Millions of supporters of Bangladesh’s Awami League will boycott next year’s national election, after the party was barred from contesting the polls, ousted Prime Minister Sheikh Hasina said on Wednesday from her exile in New Delhi.
Hasina, 78, said she would not return to Bangladesh under any government formed after elections that exclude her party, and plans to remain in India, where she fled in August 2024 following a deadly student-led uprising.
An interim government headed by Nobel peace laureate Muhammad Yunus has governed Bangladesh since Hasina’s ouster and has pledged to hold elections next February.
“The ban on the Awami League is not only unjust, it is self-defeating,” Hasina said in emailed responses to Reuters — her first media engagement since her dramatic fall from power after 15 straight years at the helm of Bangladeshi politics.
“The next government must have electoral legitimacy. Millions of people support the Awami League, so as things stand, they will not vote. You cannot disenfranchise millions of people if you want a political system that works.
Ex-leader hopes Awami league will be allowed to contest
Bangladesh has over 126 million registered voters. The Awami League and the Bangladesh Nationalist Party have long dominated the country’s politics, and the BNP is widely expected to win the upcoming vote.
The Election Commission suspended the Awami League’s registration in May. Earlier, the Yunus-led government banned all party activities, citing national security threats and war crimes investigations into senior Awami League leaders.
“We are not asking Awami League voters to support other parties,” Hasina said. “We still hope common sense will prevail and we will be allowed to contest the election ourselves.”
She did not say if she or anyone else on her behalf was holding any back-channel talks with Bangladeshi authorities to let the Awami League participate in the polls.
Spokespeople for Yunus did not immediately respond to requests for comment.

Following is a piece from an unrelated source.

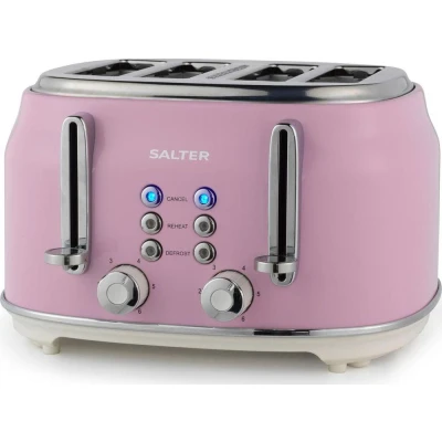 Salter EK5739PNK Retro 4 Slice Toaster "Wide Slots, 6 Browning Levels, Defrost, Reheat, Cancel Functions, Removable Crumb Tray, Extra Thick Bread/Bagels, High Lift Eject, Self Centring, 1630W, Pink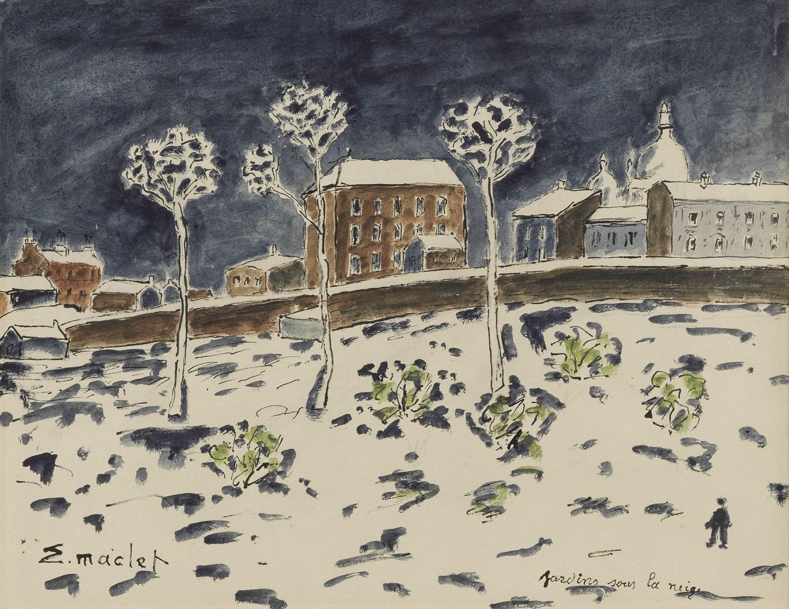 Jardins sous la neige, gouache sur papier, titrée et signée, 25x33 cm

Hasina, credited with transforming Bangladesh’s economy but accused of human rights abuses and suppressing dissent, won a fourth consecutive term in 2024. That election was boycotted by the main opposition, whose top leaders were either jailed or in exile.
The International Crimes Tribunal, Bangladesh’s domestic war crimes court, has concluded proceedings against Hasina, who faces charges of crimes against humanity over the violent crackdown on student protests in mid-2024.
According to a United Nations report, up to 1,400 people may have been killed during the protests between July 15 and August 5, 2024, with thousands more injured — most from gunfire by security forces — in what was the worst violence in Bangladesh since its 1971 war of independence.
Prosecutors also allege she oversaw enforced disappearances and torture of opposition activists through clandestine detention centers run by security agencies.
A verdict is expected on November 13.